The post details the steps to configure Group Policy for LAPS. This is the third and final post that covers the group policy configuration of LAPS.
In this post we will modify some of the group policy settings related to LAPS. We know that LAPS provides management of local account passwords of domain joined computers. Passwords are stored in Active Directory (AD) and protected by ACL. Hence only eligible users can read it or request its reset.
In my previous posts, we have covered two important topics. First one is how to install and deploy Microsoft LAPS software and second how to configure Active Directory for LAPS. You can access both the posts by clicking on the below links.
How to Configure Group Policy for LAPS
To configure group policy for LAPS
- Launch the Group Policy Management console.
- Right click the OU where your domain computers are present.
- Click Create a GPO in this domain and link it here.
- Specify a group policy name such as “LAPS” and click OK.
- In the next step edit the GPO.
The LAPS settings are located under Computer Configuration > Administrative Templates > LAPS. You can see four settings present.
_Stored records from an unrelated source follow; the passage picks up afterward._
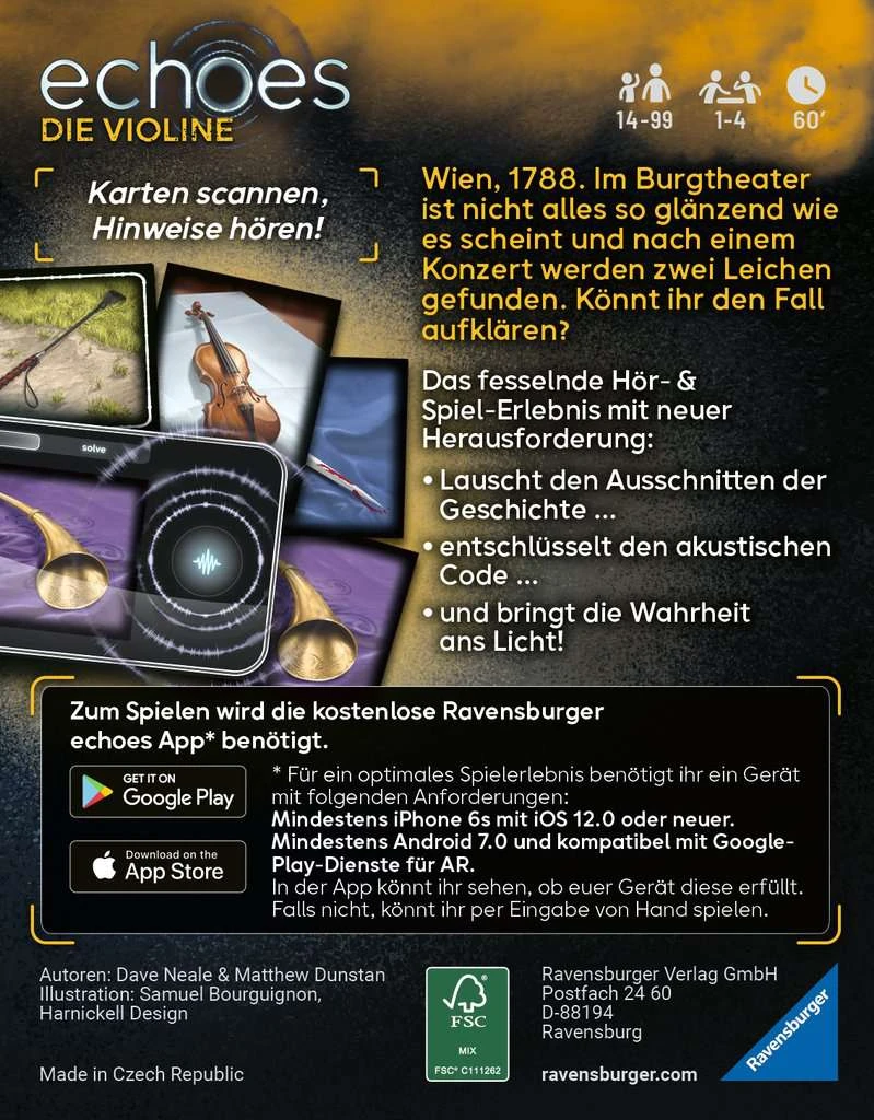 echoes ist ein einzigartiges, kooperatives Audio Mystery Spiel. Die Spieler hören mithilfe der kostenlosen Ravensburger echoes App mysteriöse Geräusche und Stimmen, die mit den Kartenmotiven verbunden sind. Gemeinsam bringen sie die 24 Teile der Geschichte in die richtige Reihenfolge, um den Fall zu lösen.
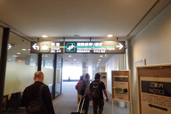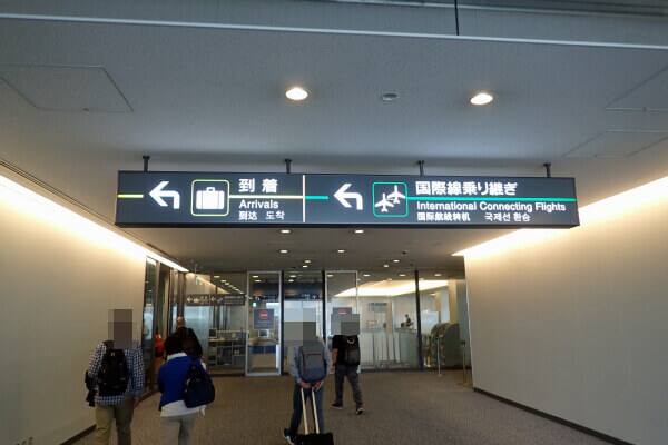 セントレアから成田に到着しましたら通路には到着と国際線乗り継ぎという表示が出ていますので案内に沿って進みます。
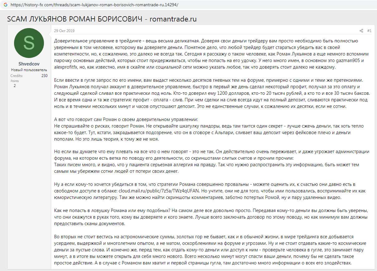 На веб-портале history-fx com отыскан отзыв о мошенническом проекте Роман Трейд, который рассчитан на новичков. Жулики зарабатывают вовлекая людей в торговлю на сайтах скам-брокеров, на сайтах которых можно не только слить все свои денежные средства, но еще и набраться кредитов.
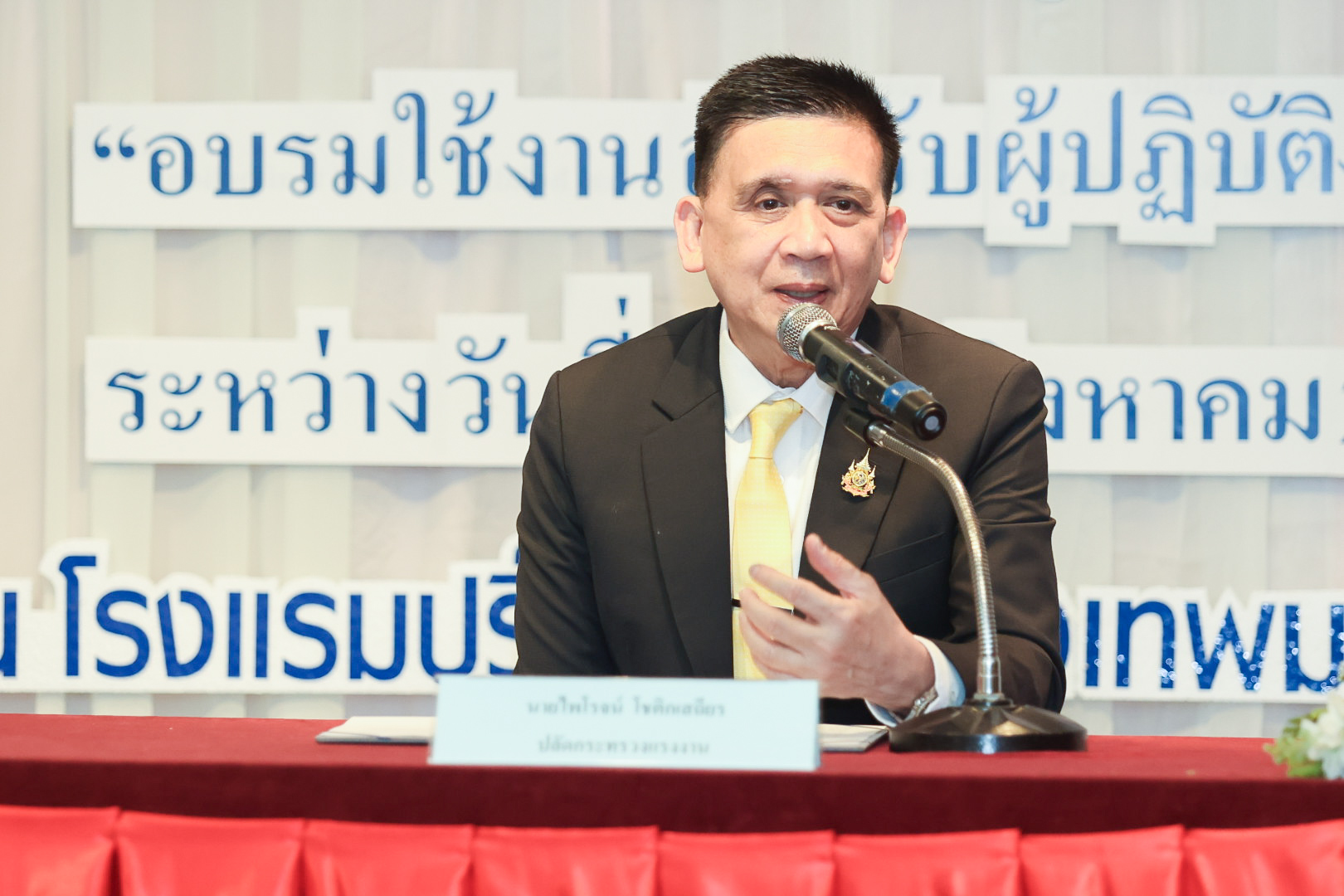 นายไพโรจน์ กล่าวว่า ผมรู้สึกยินดีและเป็นเกียรติอย่างยิ่งที่ได้มาเป็นประธานในพิธีเปิดการฝึกอบรมโครงการพัฒนาแพลตฟอร์มบริหารจัดการฐานข้อมูลและการบริการสำหรับแรงงานนอกระบบ ซึ่งสำนักงานปลัดกระทรวงแรงงาน โดยศูนย์เทคโนโลยีสารสนเทศและการสื่อสาร ได้จัดขึ้นในวันนี้ และขอชื่นชมกับความตั้งใจในการที่จะพัฒนาตัวเองของทุกท่านที่เข้ามาฝึกอบรมโครงการนี้ที่เป็นหลักสูตรการใช้งานระบบสำหรับผู้ปฏิบัติงาน ซึ่งเป็นส่วนสำคัญของการขับเคลื่อนงานบริการในรูปแบบอิเล็กทรอทรอนิกส์ของกระทรวงแรงงานในระดับพื้นที่ ให้บริการประชาชนกลุ่มเป้าหมายแรงงานนอกระบบได้เข้าถึงสวัสดิการและสิทธิประโยชน์ต่าง ๆ ตามพระราชบัญญัติส่งเสริมและคุ้มครองแรงงานอิสระที่จะเกิดขึ้น โดยมีแรงงานจังหวัดเป็นผู้แทน มีอาสาสมัครแรงงาน และบัณฑิตแรงงาน เป็นผู้ที่นำการบริการด้านแรงงานไปสู่ประชาชนในพื้นที่ โดยมุ่งหวังผลสัมฤทธิ์ในการดำเนินงานให้ประชาชนสามารถพึ่งพาตนเองได้อย่างยั่งยืน มีความมั่นคงในการทำงาน มีหลักประกัน และมีคุณภาพชีวิตที่ดี
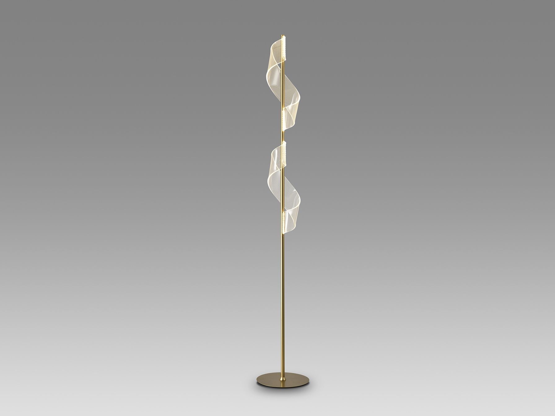 Напольная лампа из металла и алюминия, матовое золото. Рассеиватели из литого метакрилата с микропечатью. Светодиод 18 Вт, 1150 лм, 3000 К.
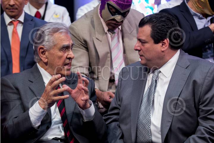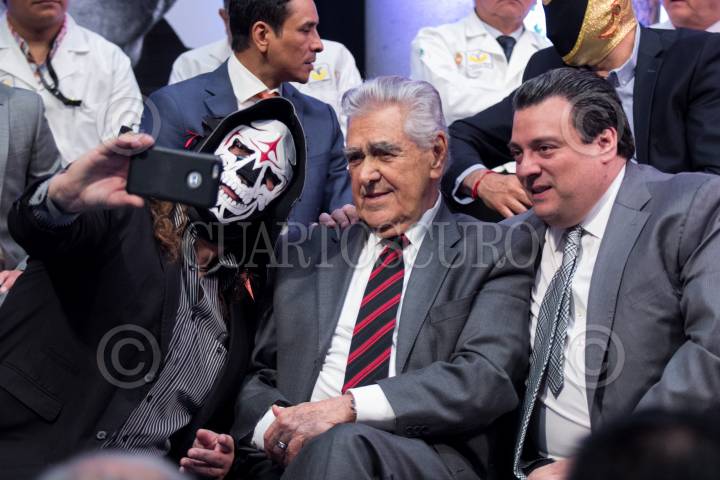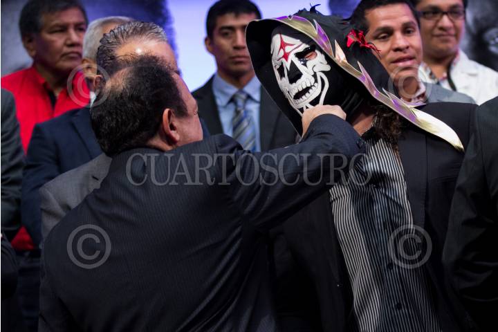 CIUDAD DE MÉXICO, 08FEBRERO2017.- El luchador profesional “La Parca”, el actor Eric del Castillo y Mauricio Sulaimán, presidente del Consejo Mundial de Boxeo (CMB), durante la presentación de la iniciativa “Unos segundos hacen la diferencia”, iniciativa propuesta por la Secretaria de Salud de la Ciudad de México para prevenir y atender de manera oportuna el cáncer de próstata. FOTO: GALO CAÑAS /CUARTOSCURO.COM
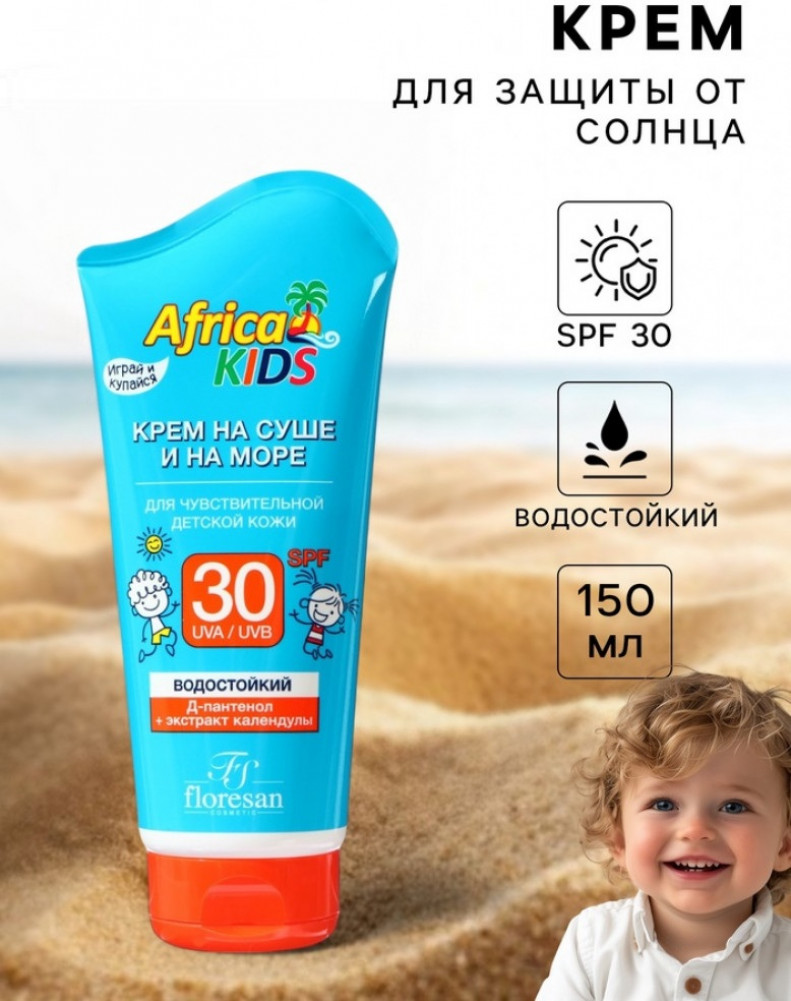 Floresan Крем для защиты от солнца на суше и на море детский «Africa Kids» SPF 30-25% +25
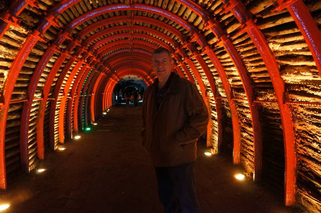 Explico: a catedral, inaugurada em 1995 , foi construída aproveitando uma grande mina de sal. Tornou-se a grande maravilha da Colômbia, visitada por milhares de turistas. Antes de chegar ao fundo do coração salgado desta obra prima do gênero humano, fui sendo instigado. Em vários pontos, o jogo de luz e sombras, misturado a imagens de arcanjos de sal olhando para você , cria um ambiente mágico, místico!
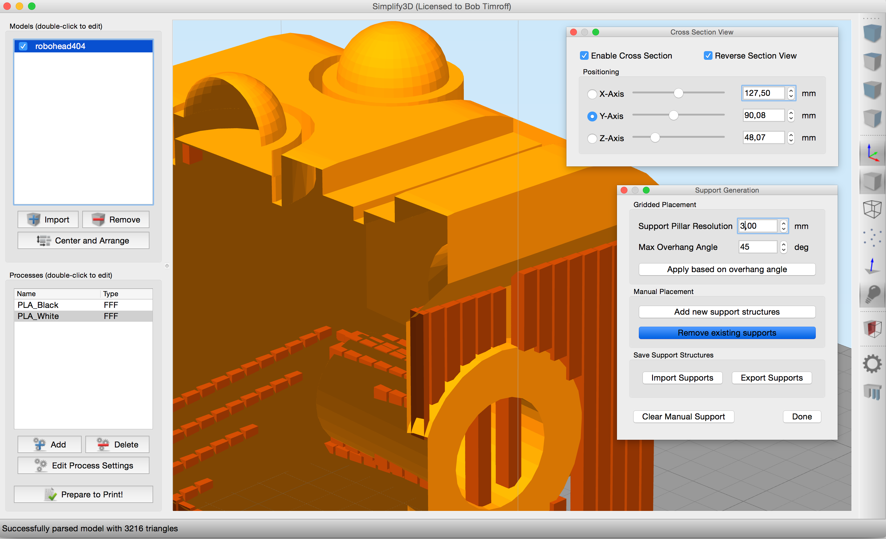 Een zeer handige functies van Simplify3D is het toevoegen van supportmateriaal ter ondersteuning van specifieke onderdelen van het 3d-model die in de lucht ‘hangen’. Behalve het automatisch toevoegen van ondersteunend materiaal kunt u dit ook zelf op de gewenste plekken toevoegen of verwijderen. In combinatie met de functie Cross Section, waarmee we een doorsnede van elk object kunnen weergeven, is het tamelijk eenvoudig om ondersteunend materiaal op ongewenste plekken te verwijderen omdat u elke onderdeel in het model hiermee beter kunt bekijken.
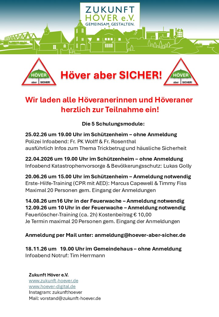 Mit „Höver, aber SICHER!“ setzt der Verein ein Zeichen für Eigenverantwortung und Zusammenhalt im Ort. Sicherheit entsteht durch Information, Engagement und gemeinsames Handeln.
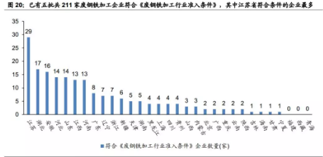 截止2018年3月28日,已有五批共211家废钢铁加工企业符合《废钢铁加工行业准入条件》。江苏省符合条件的废钢铁加工企业达29家,湖北、安徽、河北、山东、江西和河南省符合条件的废钢铁加工企业也均超过了10家。

We will configure the ones that are required.
Right click the policy setting Enable local admin password management and click properties. As we want to manage the local administrator password, we will enable the policy setting. Click OK.
LAPS Password Settings
Next edit the password settings policy. By default this solution uses a password with maximum password complexity, 14 characters and changes the password every 30 days.
You can change the values to suit your needs by editing a Group Policy. You can change the individual password settings to fit your needs. Click OK.
Administrator account name – If you have decided to manage custom local Administrator account, you must specify its name in Group Policy. I haven’t configured this policy setting.
Protection against too long planned time for password reset – If you do not want to allow setting planning password expiration of admin account for longer time than maximum password age, you can do it in GPO.
If you want to view the password settings of a computer using the powershell, Get-AdmPwdPassword will help you.
- Import-Module AdmPwd.PS
- Get-AdmPwdPassword -Computername “name of computer“
What happens if a user who hasn’t been granted rights to see the local Administrators password tries to access it?. If they were to gain access to the GUI interface the password won’t be displayed.
For GUI users there is a cool way to find the password settings. Run the AdmPwd.UI file as administrator. This file is located under C:\Program Files\LAPS folder.
In the LAPS UI window, enter the computer name and click Search. In addition to the password, the expiry information is also visible.
Peform gpupdate on the client machines. Now look at the properties of the computer object and see the new settings. The password is visible (plain text).